Hintergrund: FileMaker, iWork und Kuzu

Apple besitzt seit Jahrzehnten die Datenbanklösung FileMaker, diese ist aber traditionell von iWork-Apps wie Pages, Keynote und Numbers getrennt. Im Gegensatz dazu bietet Microsoft mit Office auch ein integriertes Datenbank-Programm, Access, an. Nun geht Apple einen neuen Schritt: Laut einer Liste der Europäischen Union über bedeutende Unternehmensübernahmen hat Apple das in Ontario 2023 gegründete Startup Kuzu, Inc. erworben. Das Unternehmen beschäftigte zum Zeitpunkt der Übernahme etwa zehn Mitarbeitende. Die Webseite sowie das GitHub-Repository von Kuzu sind inzwischen abgeschaltet beziehungsweise archiviert. Die EU betrachtet Übernahmen als „bedeutend“, wenn sie die Bereitstellung von zentralen Plattformdiensten betreffen, nicht zwingend nach dem Umfang des Unternehmens.
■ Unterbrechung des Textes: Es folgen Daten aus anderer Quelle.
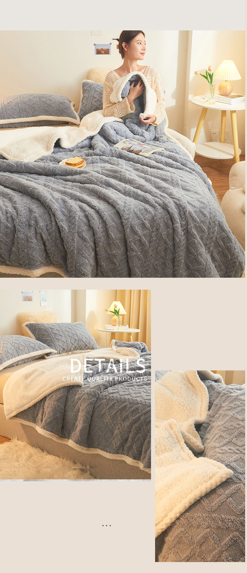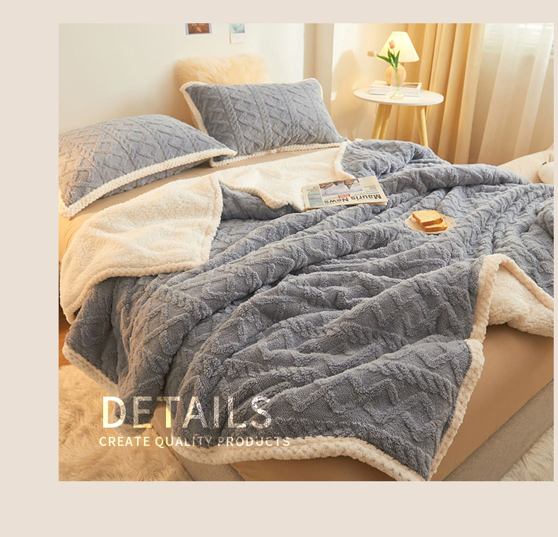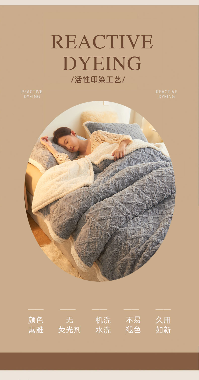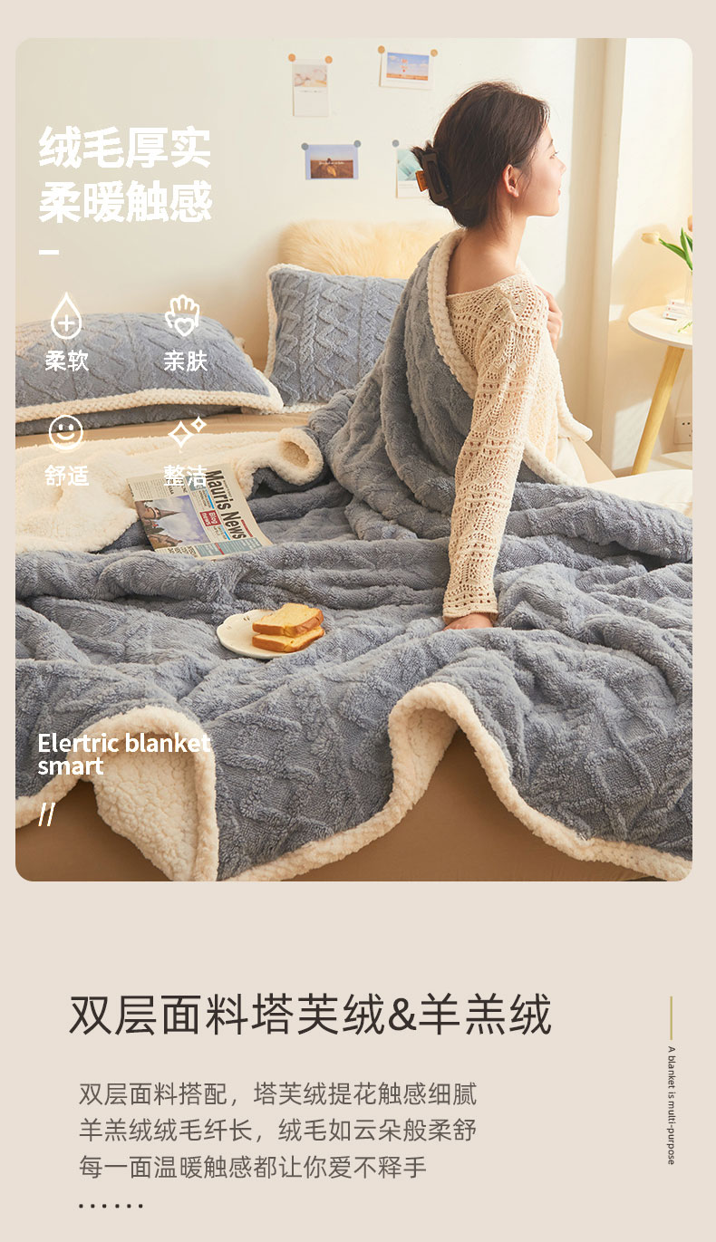 好梦缘 2023新款柔软塔芙绒提花毛毯 戴青灰

Graphdatenbanken: Unterschiede zu relationalen Modellen

Kuzu arbeitete an einer eingebetteten Graphdatenbank mit Fokus auf Abfragegeschwindigkeit, Skalierbarkeit und einfacher Bedienung. Im Unterschied zu traditionellen relationalen Datenbanken wie FileMaker sind Graphdatenbanken darauf ausgelegt, Datenpunkte direkt miteinander zu verbinden. In relationalen Datenbanken werden Informationen in Tabellen organisiert und ihre Beziehungen bereits beim Aufbau definiert, ähnlich wie in einem Aktenladesystem mit verschiedenen Schubladen für unterschiedliche Informationstypen. Um beispielsweise alle Bestellungen einer Person in einer Kundentabelle zu finden, wird eine Verbindung zu einer separaten Bestelltabelle hergestellt. Weitere Verknüpfungen zu anderen Tabellen sind möglich, erhöhen aber die Abfragezeit. Graphdatenbanken hingegen gleichen eher einer Mindmap: Kund:innen sind direkt mit Bestellungen und anderen Kunden verbunden. Diese Struktur kann bei komplexen Verknüpfungen zu einer schnelleren Datenabfrage führen. Kuzu veröffentlichte vor der Übernahme eine Browser-basierte Anwendung namens Kuzu Explorer, bei der durch einen Klick auf einen Datenknoten alle verbundenen Datensätze sichtbar werden.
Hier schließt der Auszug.